Published by Puffin Canada

Image result for broken strings eric walters

Summary:  A few months after 9/11, Shirli’s drama teacher decides to stage a production of Fiddler on the Roof.  Shirli is hoping to land the role of daughter Hodel, but instead is cast as Golde, the mother.  Disappointed, she throws herself into preparations for the show, turning to her grandfather, Zayde, to help her with props and costumes.  In his attic, she finds an old violin and a poster showing him performing with his family. Shirli knows Zayde lost his family during the Holocaust, but he has never shared the details with anyone, and has always seemed to dislike any kind of music.  When she asks him about the violin, he’s angry at first, but over the next several weeks, he slowly reveals the heartbreaking story he’s never told.

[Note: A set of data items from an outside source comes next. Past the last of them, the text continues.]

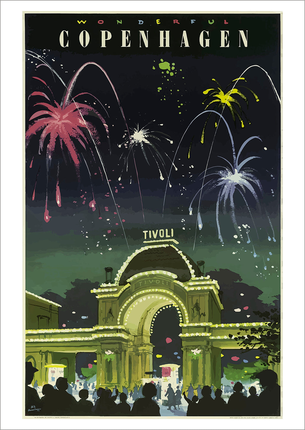 CARTEL DE FUEGOS ARTIFICIALES DE TIVOLI: Impresión del anuncio turístico de Copenhague vintage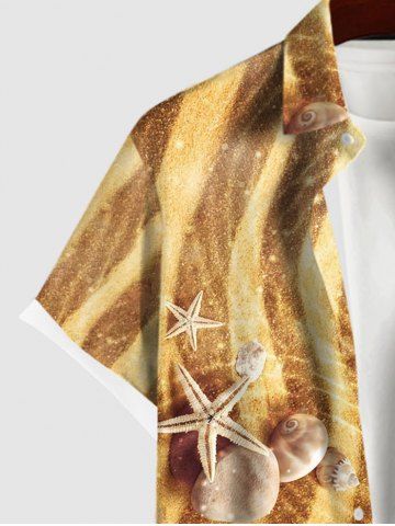 Hawaii Plus Size Beach Shell Starfish Conch Glitter 3D Print Buttons Pocket Shirt For Men - Coffee - 4xl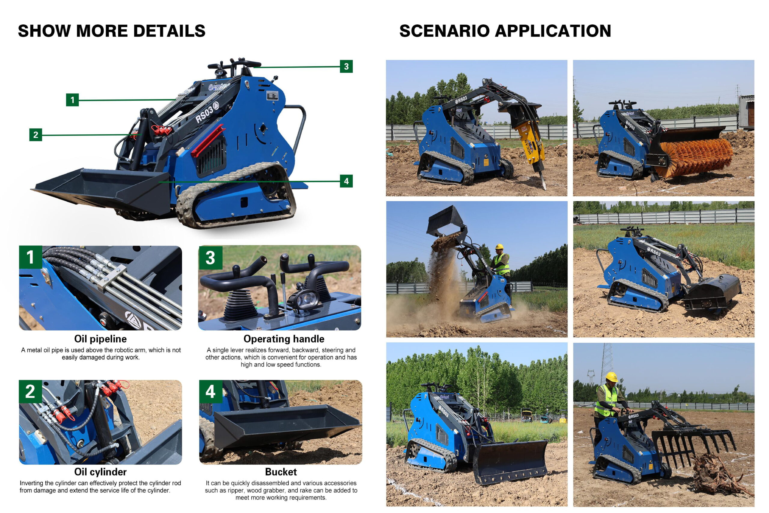Its small frame and 360° maneuverability make it ideal for landscaping, construction, and agricultural applications where space and precision matter.

When a catastrophic accident threatens to shut down the play, Zayde and Shirli are able to save it, and Zayde’s story ends up adding new layers of depth to the production.  Includes an author’s note with additional information about Auschwitz. 288 pages; grades 5-8.  

Pros:  Readers will be fascinated and horrified by this moving story.  Zayde’s story is revealed slowly, and interspersed with lighter chapters about the play and the budding romance between Shirli and her co-star Ben.  

Cons:  Shirli seemed at times a little too good to be true, and Zayde’s contribution to the play felt a little unrealistic.